On average across rounds, the internal consistency of the trust measure was good (average Cronbach’s α = 0.87). There was an effect of Round on the participant’s trust in the DMD, F(2, 28) = 4.05, p = 0.029, partial-η2 = 0.22 (Figure 1). Trust in the DMD was significantly higher than Baseline in Round 4, F(1, 14) = 5.45, p = 0.035, partial-η2 = 0.20. While trust was higher than baseline in Round 3, the difference did not reach significance, F(1, 14) = 3.51, p = 0.082, partial-η2 = 0.20. There was no significant effect of Round on Score to Par, F(3, 45) = 0.304, p = 0.80, partial-η2 = 0.02 (Figure 1).

Responses and descriptive statistics from the 1-month follow-up indicated that only one participant began using a DMD consistently following the participation in the study. Further, for those participants who had not yet began to use a DMD, when asked to indicate on a scale of 1 (very unlikely) to 7 (likely) how likely they would be to start using a DMD or purchasing one in the near future, the sample was fairly split with a mean of 4.41 and range between 2 and 7 (Figure 2A). Participants also varied in their responses to an open-ended question asking participants what factors influence their decision to purchase a DMD in the future or not. For those participants who do not intend to purchase or use in the near future, factors such as confidence in their own ability, experience at their home course, no perceived impact on their performance, being comfortable in their own routines, or cost of the device were mentioned. For those participants who were more likely to purchase or use a device in the near future, factors such as added confidence in their decision making (i.e., club selection), greater accuracy in yardage estimation, added value when playing courses they are not familiar with, and to speed up pace of play.

FIGURE 2
www.frontiersin.org

Figure 2. Histograms of the number of participants who provided a particular response on a seven-item Likert scale to follow-up questions. Note the different y-axis scale used in C. (A) DMD non-users indicated on a scale of 1 (very unlikely) to 7 (likely) how likely they would be to purchase a DMD. (B) DMD users indicated how much they missed their DMD when asked to play without it on a scale of 1 (did not miss at all) to 7 (miss it very much). (C) DMD users indicated on a scale of 1 (very unlikely) to 7 (very likely) how likely they would purchase another DMD.

DMD Users

Again, on average across rounds, the internal consistency of the confidence measure was excellent (average Cronbach’s α = 0.95). There was a significant effect of Round on participant’s confidence in their own ability to estimate yardage, F(3.16, 85.5) = 2.72, p = 0.047, partial-η2 = 0.09 (Figure 1). Round 3, where the participants stopped using the DMD, had lower confidence compared to Baseline, F(1, 27) = 7.05, p = 0.013, partial-η2 = 0.21. None of the other Rounds were significantly different than Baseline, [Round 1, F(1, 27) = 2.58, p = 0.12, partial-η2 = 0.09; Round 2, F(1, 27) = 3.86, p = 0.06, partial-η2 = 0.125; Round 4, F(1, 27) = 2.00, p = 0.17, partial-η2 = 0.07; Round 5, F(1, 27) = 1.85, p = 0.19, partial-η2 = 0.06].

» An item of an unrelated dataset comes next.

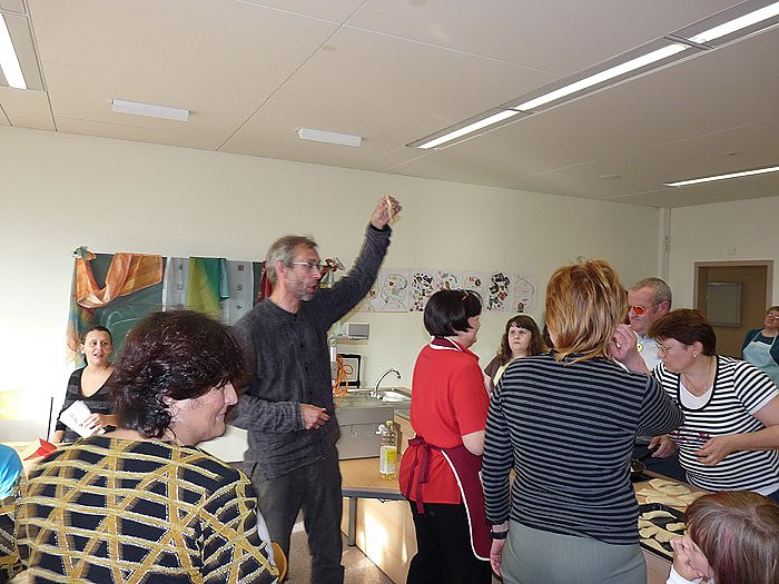 Thomas Weinrich von der Kreisdiakoniestelle Sondershausen wartete allerdings mit der Begrüßung bis das Essen, Entschuldigung die Essen, fertig waren. Als er hier zur Demonstration eine Teigtasche in die Höhe hob, hatte er so seine Schwierigkeiten mit dem Aussprechen, und kn mit dem Aufschreiben. Aber macht nichts, man konnte fragen, wenn man wollte, und jeder bestätigte, dass es schmeckte. Einige Fotos in der Bildergalerie zeigen doch einige Esser mit dicken Backen, ein Zeichen, dass es schmeckt.
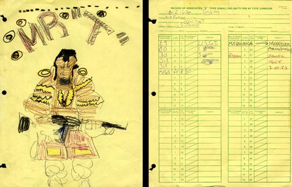 | Text on the back indicates that this drawing was done on March 20, 1983. Toots would've been 33 and Dan would've been age 5. We're still waiting to hear what a "Mazooka" is. |

Again, on average across rounds, the internal consistency of the confidence measure was good (average Cronbach’s α = 0.84). There was no significant effect of Round on trust in the DMD, F(3.77, 98.1) = 0.872, p = 0.48, partial-η2 = 0.03 (Figure 1). There was also no main effect of Round on score to par, F(4, 124) = 0.95, p = 0.44, partial-η2 = 0.03.

Participants were asked in the follow-up survey to indicate how much they missed their DMD when asked to play without it (Rounds 3 and 4 of the protocol). Participants responded on a scale of 1 (did not miss at all) to 7 (miss it very much). Results showed that many participants did miss their DMDs with a mean response of 5.21, with a range of responses from 2 to 7, and a mode response of 6 (Figure 2B). When asked to provide an optional open-ended comment for this item, participants mentioned that they missed using the DMD the most when they were closer to the targets (i.e., green) where accuracy is most important, or if they were hitting from a position where distance to the target was more difficult to determine (e.g., off the fairway and not near yardage markers in the middle of the fairway). Participants also commented that they missed the comfort and confidence the accuracy provided them. However, some participants commented on how they did not miss it as much as they thought they would and that not having a DMD did not impact their score as much as they had anticipated.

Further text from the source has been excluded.